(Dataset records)
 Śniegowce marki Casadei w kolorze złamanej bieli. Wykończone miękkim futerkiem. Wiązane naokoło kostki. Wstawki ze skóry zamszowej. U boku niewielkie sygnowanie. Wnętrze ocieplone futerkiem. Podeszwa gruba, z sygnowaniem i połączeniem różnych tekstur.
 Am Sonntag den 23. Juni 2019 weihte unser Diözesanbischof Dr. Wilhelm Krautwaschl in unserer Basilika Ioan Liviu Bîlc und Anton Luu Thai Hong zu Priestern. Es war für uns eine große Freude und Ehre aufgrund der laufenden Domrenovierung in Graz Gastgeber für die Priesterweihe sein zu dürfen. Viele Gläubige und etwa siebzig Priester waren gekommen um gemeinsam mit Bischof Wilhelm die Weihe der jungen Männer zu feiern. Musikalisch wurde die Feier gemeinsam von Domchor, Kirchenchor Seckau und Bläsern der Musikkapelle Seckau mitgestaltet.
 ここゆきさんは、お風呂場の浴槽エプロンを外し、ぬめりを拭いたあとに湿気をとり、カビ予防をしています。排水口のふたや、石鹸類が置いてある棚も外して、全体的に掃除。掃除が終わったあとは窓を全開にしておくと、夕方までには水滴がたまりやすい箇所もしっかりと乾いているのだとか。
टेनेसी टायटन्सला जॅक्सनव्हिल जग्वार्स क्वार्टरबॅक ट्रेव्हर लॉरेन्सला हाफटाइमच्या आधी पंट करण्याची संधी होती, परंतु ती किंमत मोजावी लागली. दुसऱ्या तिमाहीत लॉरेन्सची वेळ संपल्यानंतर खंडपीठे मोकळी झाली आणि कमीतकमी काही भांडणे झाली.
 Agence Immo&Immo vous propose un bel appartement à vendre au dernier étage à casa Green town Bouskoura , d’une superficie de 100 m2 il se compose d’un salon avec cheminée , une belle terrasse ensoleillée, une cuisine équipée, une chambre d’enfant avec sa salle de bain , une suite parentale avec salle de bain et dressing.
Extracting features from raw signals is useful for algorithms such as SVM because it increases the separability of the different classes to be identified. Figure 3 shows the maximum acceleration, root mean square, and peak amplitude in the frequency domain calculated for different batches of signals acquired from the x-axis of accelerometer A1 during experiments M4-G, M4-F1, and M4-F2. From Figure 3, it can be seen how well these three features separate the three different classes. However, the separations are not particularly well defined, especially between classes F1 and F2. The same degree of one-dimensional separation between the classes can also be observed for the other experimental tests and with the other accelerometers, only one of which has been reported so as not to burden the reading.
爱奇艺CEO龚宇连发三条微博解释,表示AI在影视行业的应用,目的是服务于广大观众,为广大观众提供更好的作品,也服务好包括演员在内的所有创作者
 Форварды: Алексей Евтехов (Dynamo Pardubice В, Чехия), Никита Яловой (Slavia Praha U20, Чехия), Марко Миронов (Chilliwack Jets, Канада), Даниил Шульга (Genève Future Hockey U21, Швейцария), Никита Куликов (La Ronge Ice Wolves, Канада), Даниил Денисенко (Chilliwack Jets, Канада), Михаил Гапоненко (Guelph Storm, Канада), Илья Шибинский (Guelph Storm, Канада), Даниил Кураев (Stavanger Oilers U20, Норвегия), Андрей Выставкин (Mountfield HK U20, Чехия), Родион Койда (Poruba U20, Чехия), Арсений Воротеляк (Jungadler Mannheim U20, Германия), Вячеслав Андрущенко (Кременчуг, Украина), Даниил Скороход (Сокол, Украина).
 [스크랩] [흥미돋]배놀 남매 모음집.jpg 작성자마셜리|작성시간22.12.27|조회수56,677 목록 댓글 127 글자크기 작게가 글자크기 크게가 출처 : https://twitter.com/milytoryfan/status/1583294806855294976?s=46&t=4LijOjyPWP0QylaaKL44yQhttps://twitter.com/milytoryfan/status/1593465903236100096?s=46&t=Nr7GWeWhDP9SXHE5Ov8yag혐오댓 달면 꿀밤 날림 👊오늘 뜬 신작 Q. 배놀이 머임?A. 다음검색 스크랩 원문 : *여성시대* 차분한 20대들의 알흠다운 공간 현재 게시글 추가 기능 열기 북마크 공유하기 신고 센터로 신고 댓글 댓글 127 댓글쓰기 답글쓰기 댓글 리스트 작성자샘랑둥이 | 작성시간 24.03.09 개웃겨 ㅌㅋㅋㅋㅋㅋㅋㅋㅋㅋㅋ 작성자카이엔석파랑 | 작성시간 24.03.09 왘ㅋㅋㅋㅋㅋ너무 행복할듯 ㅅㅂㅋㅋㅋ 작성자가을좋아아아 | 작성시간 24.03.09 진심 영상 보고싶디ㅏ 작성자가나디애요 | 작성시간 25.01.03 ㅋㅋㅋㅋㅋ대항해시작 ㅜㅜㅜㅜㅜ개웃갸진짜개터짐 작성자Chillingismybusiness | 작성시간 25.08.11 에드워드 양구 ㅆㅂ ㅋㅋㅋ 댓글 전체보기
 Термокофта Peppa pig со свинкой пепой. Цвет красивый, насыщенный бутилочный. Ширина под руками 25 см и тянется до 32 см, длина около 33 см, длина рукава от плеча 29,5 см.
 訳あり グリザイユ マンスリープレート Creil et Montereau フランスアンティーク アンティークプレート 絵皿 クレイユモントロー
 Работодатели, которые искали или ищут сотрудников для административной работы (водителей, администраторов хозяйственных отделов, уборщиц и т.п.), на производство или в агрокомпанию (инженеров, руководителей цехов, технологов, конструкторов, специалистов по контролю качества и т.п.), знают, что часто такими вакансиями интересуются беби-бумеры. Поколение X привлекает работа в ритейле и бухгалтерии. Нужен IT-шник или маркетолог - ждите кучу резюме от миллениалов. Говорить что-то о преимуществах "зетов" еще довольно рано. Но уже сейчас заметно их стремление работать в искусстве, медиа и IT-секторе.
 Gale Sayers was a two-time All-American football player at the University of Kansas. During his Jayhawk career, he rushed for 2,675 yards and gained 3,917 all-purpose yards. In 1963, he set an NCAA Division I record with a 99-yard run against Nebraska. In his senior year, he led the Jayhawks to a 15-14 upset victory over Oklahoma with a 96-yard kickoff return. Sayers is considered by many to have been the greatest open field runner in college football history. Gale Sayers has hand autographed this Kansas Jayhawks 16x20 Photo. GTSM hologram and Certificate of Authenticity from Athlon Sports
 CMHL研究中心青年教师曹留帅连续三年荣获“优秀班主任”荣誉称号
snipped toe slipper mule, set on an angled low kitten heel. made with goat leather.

# GOAL OF THE EXERCISE
Transcribe the records above exactly, beginning at the line that contains "ここゆきさんは、お風呂場の浴" and ending with the line that contains "टेनेसी टायटन्सला जॅक्सनव्हिल", both included, and nothing else.

# FINISHED EXERCISE
 ここゆきさんは、お風呂場の浴槽エプロンを外し、ぬめりを拭いたあとに湿気をとり、カビ予防をしています。排水口のふたや、石鹸類が置いてある棚も外して、全体的に掃除。掃除が終わったあとは窓を全開にしておくと、夕方までには水滴がたまりやすい箇所もしっかりと乾いているのだとか。
टेनेसी टायटन्सला जॅक्सनव्हिल जग्वार्स क्वार्टरबॅक ट्रेव्हर लॉरेन्सला हाफटाइमच्या आधी पंट करण्याची संधी होती, परंतु ती किंमत मोजावी लागली. दुसऱ्या तिमाहीत लॉरेन्सची वेळ संपल्यानंतर खंडपीठे मोकळी झाली आणि कमीतकमी काही भांडणे झाली.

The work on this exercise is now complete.